Die Darmstädter Ausländerbehörde musste sich in den letzten Jahren intensiver Kritik aussetzen. Doch was hat dafür gesorgt? Und die noch wichtigere Frage: Was muss sich ändern?
Folgendes Szenario muss sich vorgestellt werden, um die Problematik zu verstehen: Menschen sind monatelang auf der Flucht, dann landen sie in Darmstadt und gehen davon aus, dass sie die größten Strapazen hinter sich haben. Falsch gedacht: Die Darmstädter Ausländerbehörde reagiert nicht auf Kontaktanfragen, ist unorganisiert und unterbesetzt und steht dafür jetzt schon seit circa anderthalb Jahren in der schärfsten Kritik – zum Leiden der Migrant:innen, die bürokratische Hilfe benötigen. Teilweise werden Jobs oder Studienplätze verloren, weil das Ausländeramt einfach keine Aufenthaltsgenehmigung ausstellt, obwohl den Antragsteller:innen eine solche zustehen würde. Auch der Fachkräftemängel würde nicht so stark ins Gewicht fallen, wenn es beschleunigte Arbeitsabläufe gäbe. Den Mitarbeiter:innen kann man keinen direkten Vorwurf machen; sie sitzen am kürzesten Hebel, sind unterbezahlt und müssen mit veralteten Arbeitsbedingungen zurechtkommen. Viele Mitarbeiter:innen lassen sich deshalb sogar in andere Landkreise versetzen. Nichtsdestotrotz können diese Probleme nicht auf den Schultern derer ausgetragen werden, die auf die Hilfe dieser Behörde angewiesen sind.
Unsere Redaktion hat einige Ideen gesammelt, wie man unter anderem dafür Sorge tragen könne, dass keine Student:innen aus dem Ausland mehr ihre Studiengänge in Darmstadt abbrechen müssen, weil ihre Aufenthaltsgenehmigung durch das entsprechende Amt nicht verlängert wurde. Gäbe es ein funktionales Online-Portal auf verschiedenen Sprachen, wäre vielen Menschen geholfen. Wenn es möglich wäre, auf diesem Portal bereits Dokumente und Anträge einzureichen und direkt an die zuständige Person weiterzuleiten, könnte der Ansturm auf die Behörde verhindert werde.
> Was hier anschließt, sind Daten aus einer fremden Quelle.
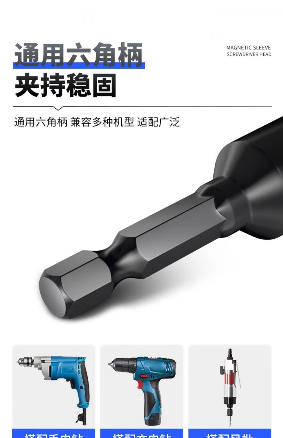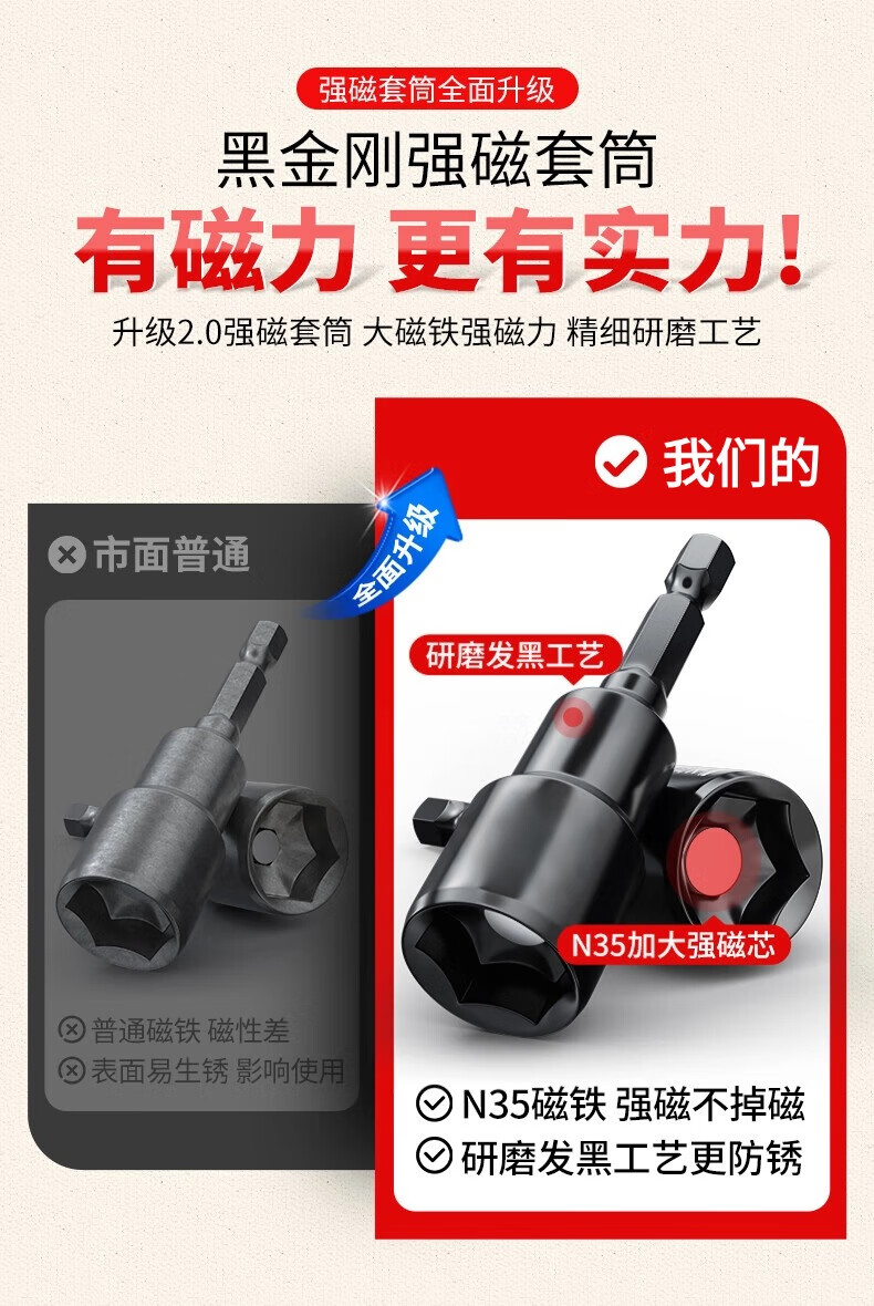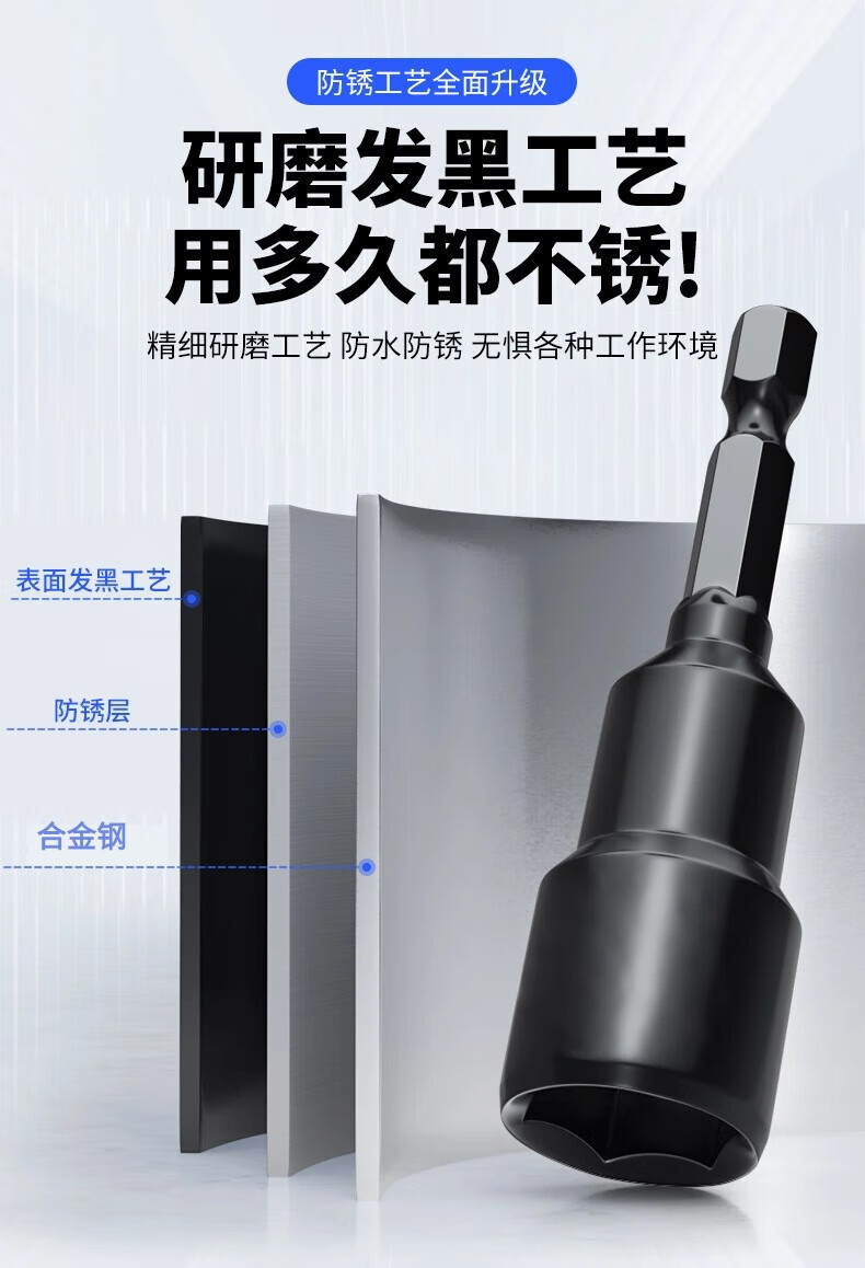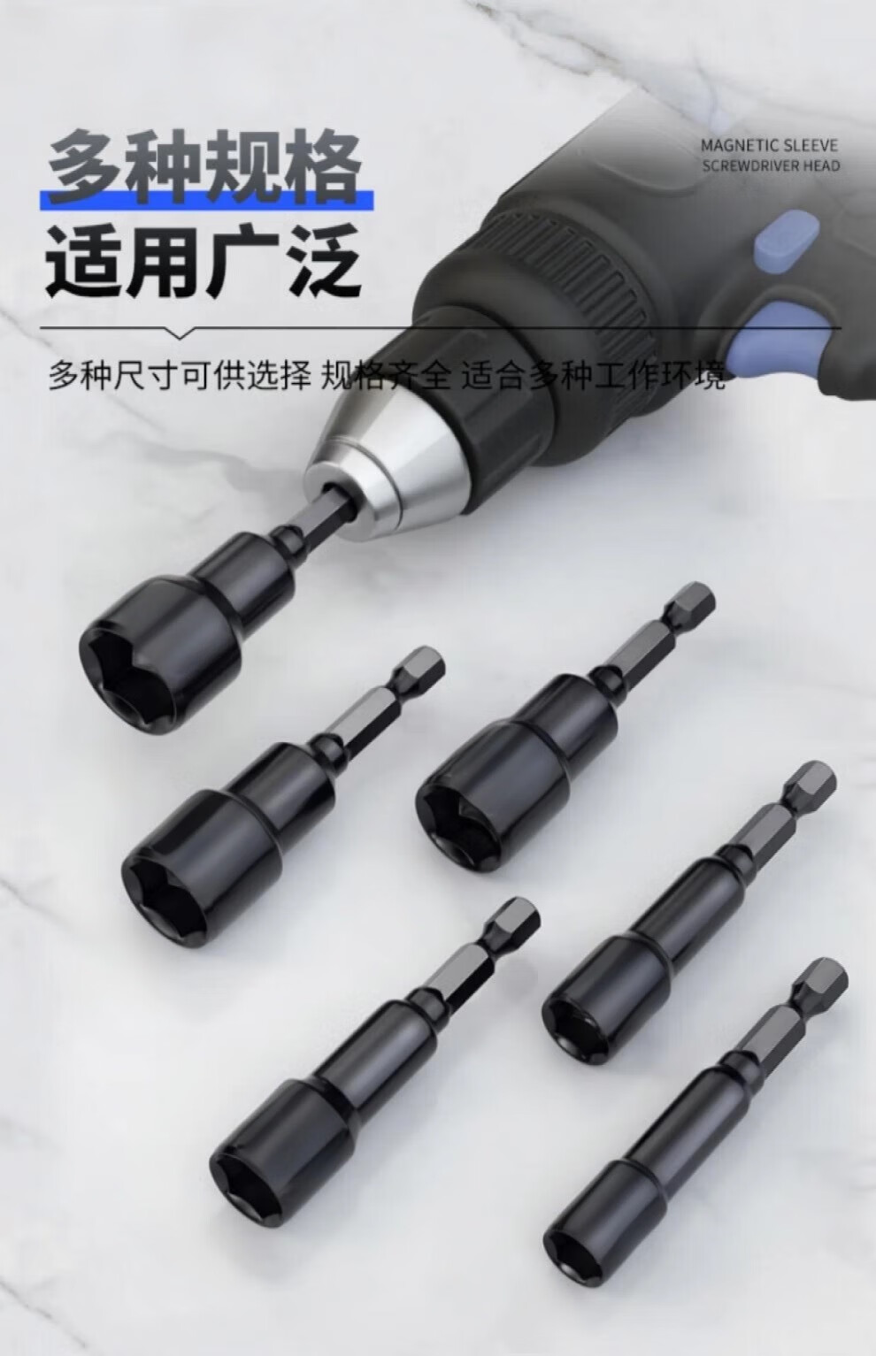 Honggong electric wrench socket head deepening socket bit head strong magnetic tapping hand electric drill hexagonal extended wind bit set 6 pieces

Der hohen Fluktuation der Mitarbeiter:innen könnte man entgegenwirken, indem man beispielsweise Ehrenamtliche und FSJler:innen gezielt schult , sodass sie beispielsweise Arbeit bei einer Telefonhotline übernehmen und der Überforderung der Behörden damit präventiv entgegenwirken können. Auf diese Weise können erste Fragen direkt geklärt werden und kompliziertere Problematiken durch die FSJler und Ehrenamtliche zügig an das zuständige Fachpersonal weitergeleitet werden, ohne dass Monate vergehen. Ideal für diese Arbeit wären FSJler und Ehrenamtliche, die mehrere Sprachen beherrschen, damit Antragsteller:innen, die weder Deutsch noch Englisch können, geholfen werden kann. Auch wenn dies erstmal eine temporäre Lösung wäre, würde sie für ein wenig Entlastung innerhalb der Behörde sorgen.
Ein weiterer Aspekt der, den Ansturm auf die Ausländerbehörde verringern würde, wäre eine Verlagerung. Wenn es die Möglichkeit gäbe, als Einwohner:in Darmstadts eigene Anliegen in umliegenden Behörden, anstatt in Darmstadt, bearbeiten zu lassen, würden für Migrant:innen vermehrt Termine in Darmstadt zur Verfügung stehen. Für so eine Änderung müssten einige Hebel in Bewegung gesetzt werden. Mittlerweile ist es an der Zeit.
Um das Problem grundsätzlich und auf lange Sicht zu lösen, muss auch die Politik aktiv werden. Die Anforderungen für Migrant:innen sollten erfüllbarer gestaltet werden. Zum Teil werden von ihnen Dokumente eingefordert, die selbst die wenigsten deutschen Bürger:innen griffbereit haben. Bis es so weit ist, muss jedoch noch einiges geschehen.